> Given information:
● ● ● ●

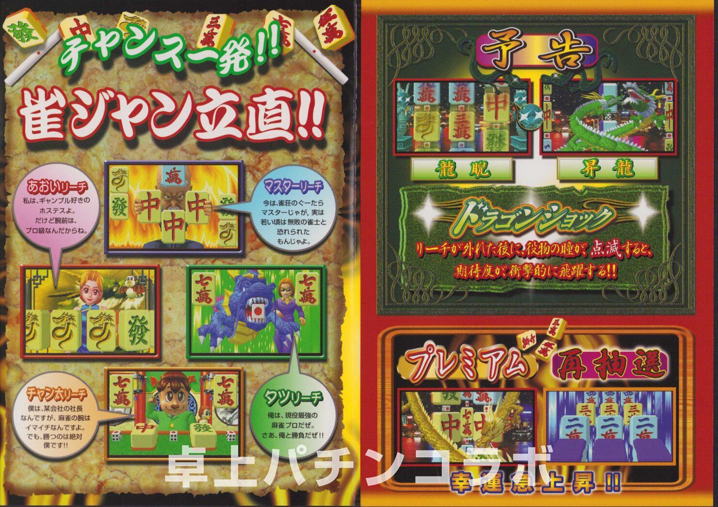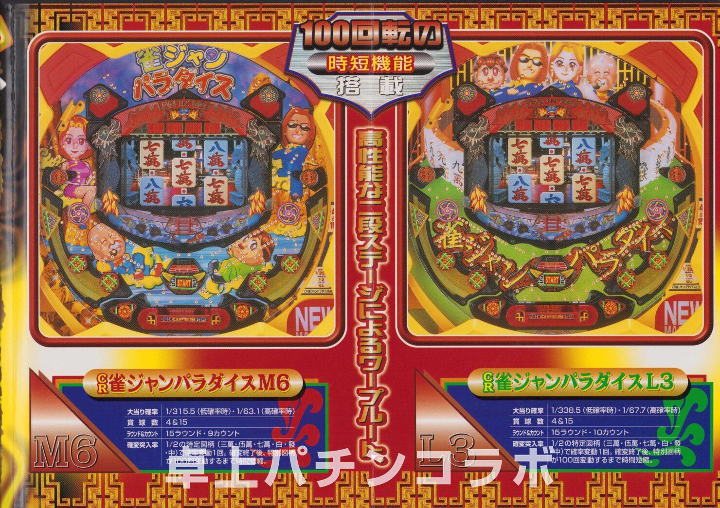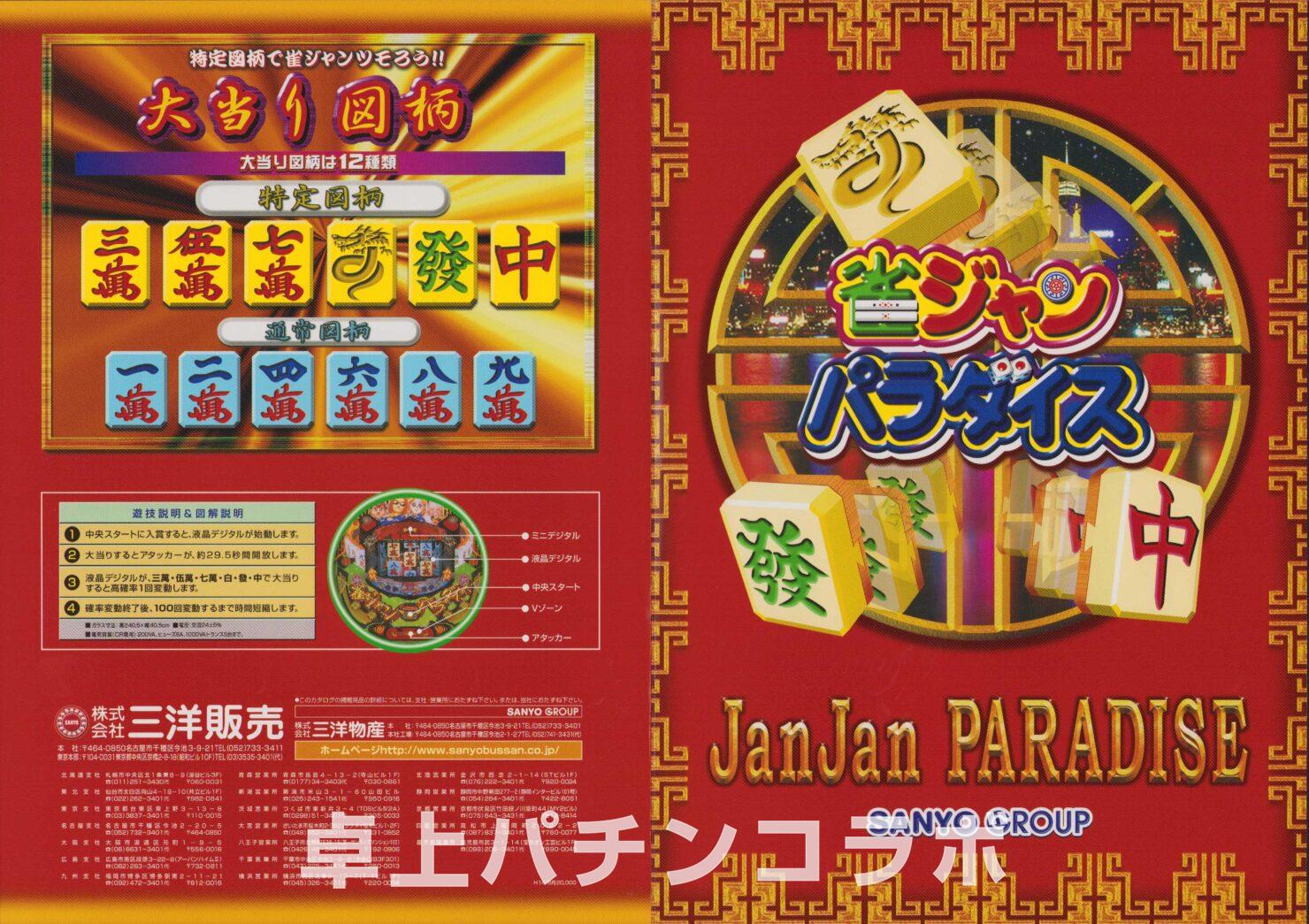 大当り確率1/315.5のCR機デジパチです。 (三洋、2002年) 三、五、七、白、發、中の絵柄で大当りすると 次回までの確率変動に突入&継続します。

● ● ● ●

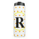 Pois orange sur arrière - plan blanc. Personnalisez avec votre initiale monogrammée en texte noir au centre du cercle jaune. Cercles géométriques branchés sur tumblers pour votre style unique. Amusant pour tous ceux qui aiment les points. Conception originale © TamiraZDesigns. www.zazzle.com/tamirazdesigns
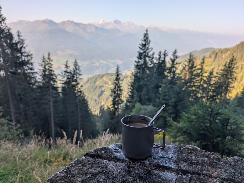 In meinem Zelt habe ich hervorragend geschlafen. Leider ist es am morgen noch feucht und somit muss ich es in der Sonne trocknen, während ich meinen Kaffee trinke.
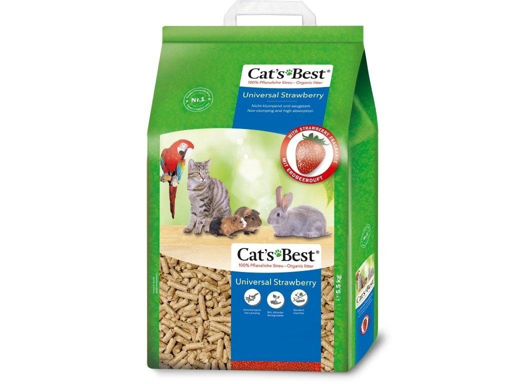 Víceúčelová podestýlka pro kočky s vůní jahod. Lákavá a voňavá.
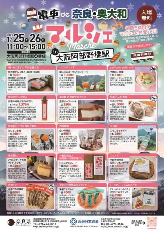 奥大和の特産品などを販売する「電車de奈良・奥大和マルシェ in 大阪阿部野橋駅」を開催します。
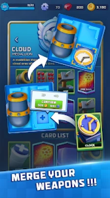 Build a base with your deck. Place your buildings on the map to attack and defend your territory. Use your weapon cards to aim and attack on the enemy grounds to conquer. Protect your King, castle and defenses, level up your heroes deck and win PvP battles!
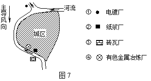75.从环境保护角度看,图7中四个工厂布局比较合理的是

● ● ● ●

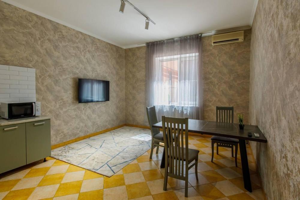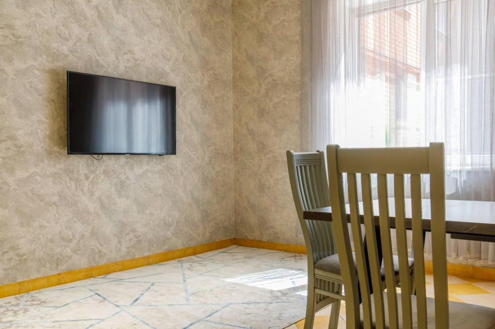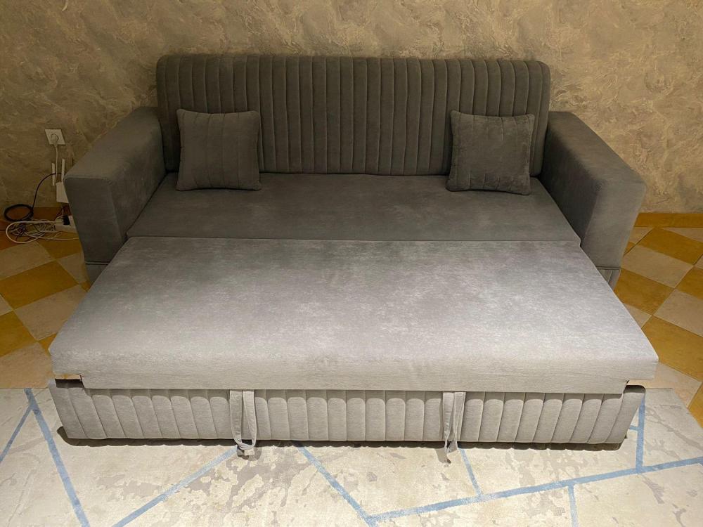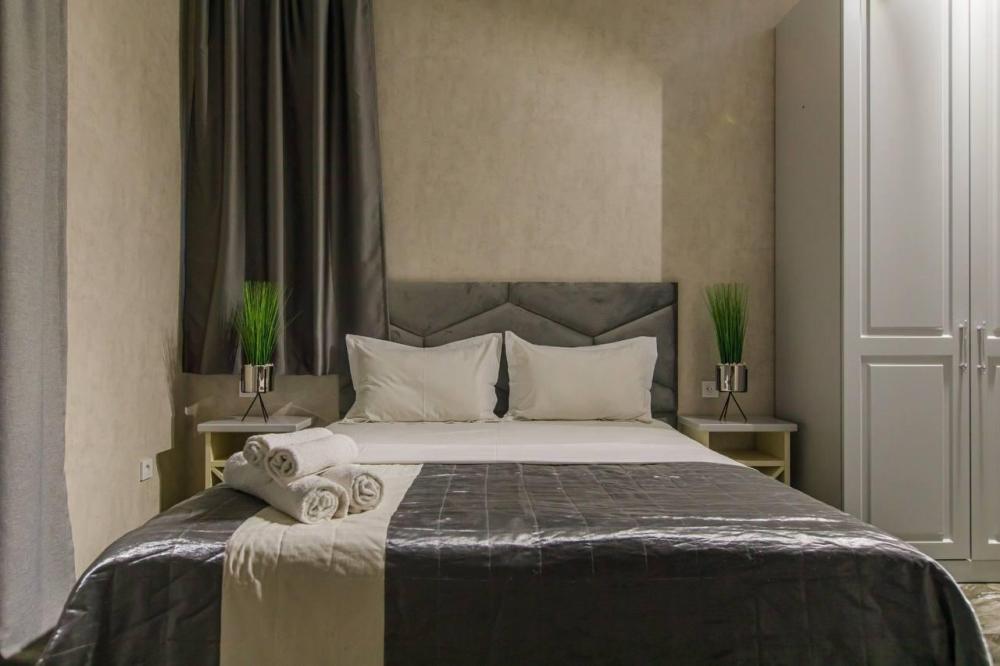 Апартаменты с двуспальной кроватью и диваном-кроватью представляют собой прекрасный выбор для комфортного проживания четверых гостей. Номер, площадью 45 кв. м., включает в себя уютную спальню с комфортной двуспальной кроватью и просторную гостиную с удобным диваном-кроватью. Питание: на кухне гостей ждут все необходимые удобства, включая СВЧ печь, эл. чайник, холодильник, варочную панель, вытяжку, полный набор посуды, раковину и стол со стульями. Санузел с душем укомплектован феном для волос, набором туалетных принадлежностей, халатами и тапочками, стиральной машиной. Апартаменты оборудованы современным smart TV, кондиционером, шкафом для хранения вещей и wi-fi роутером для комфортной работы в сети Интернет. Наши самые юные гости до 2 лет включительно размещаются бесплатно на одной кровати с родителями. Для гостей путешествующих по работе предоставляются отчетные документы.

● ● ● ●

> About this exercise: An exact transcription is needed of the lines from the one with "奥大和の特産品などを販売する「電車de奈良・奥大和マルシェ in 大阪阿部野橋駅」を開催します。" to the one with "75.从环境保护角度看,图7中四个工厂布局比较合理的是" above, both ends included, with pictures left out.

> The answer:
 奥大和の特産品などを販売する「電車de奈良・奥大和マルシェ in 大阪阿部野橋駅」を開催します。
 Build a base with your deck. Place your buildings on the map to attack and defend your territory. Use your weapon cards to aim and attack on the enemy grounds to conquer. Protect your King, castle and defenses, level up your heroes deck and win PvP battles!
75.从环境保护角度看,图7中四个工厂布局比较合理的是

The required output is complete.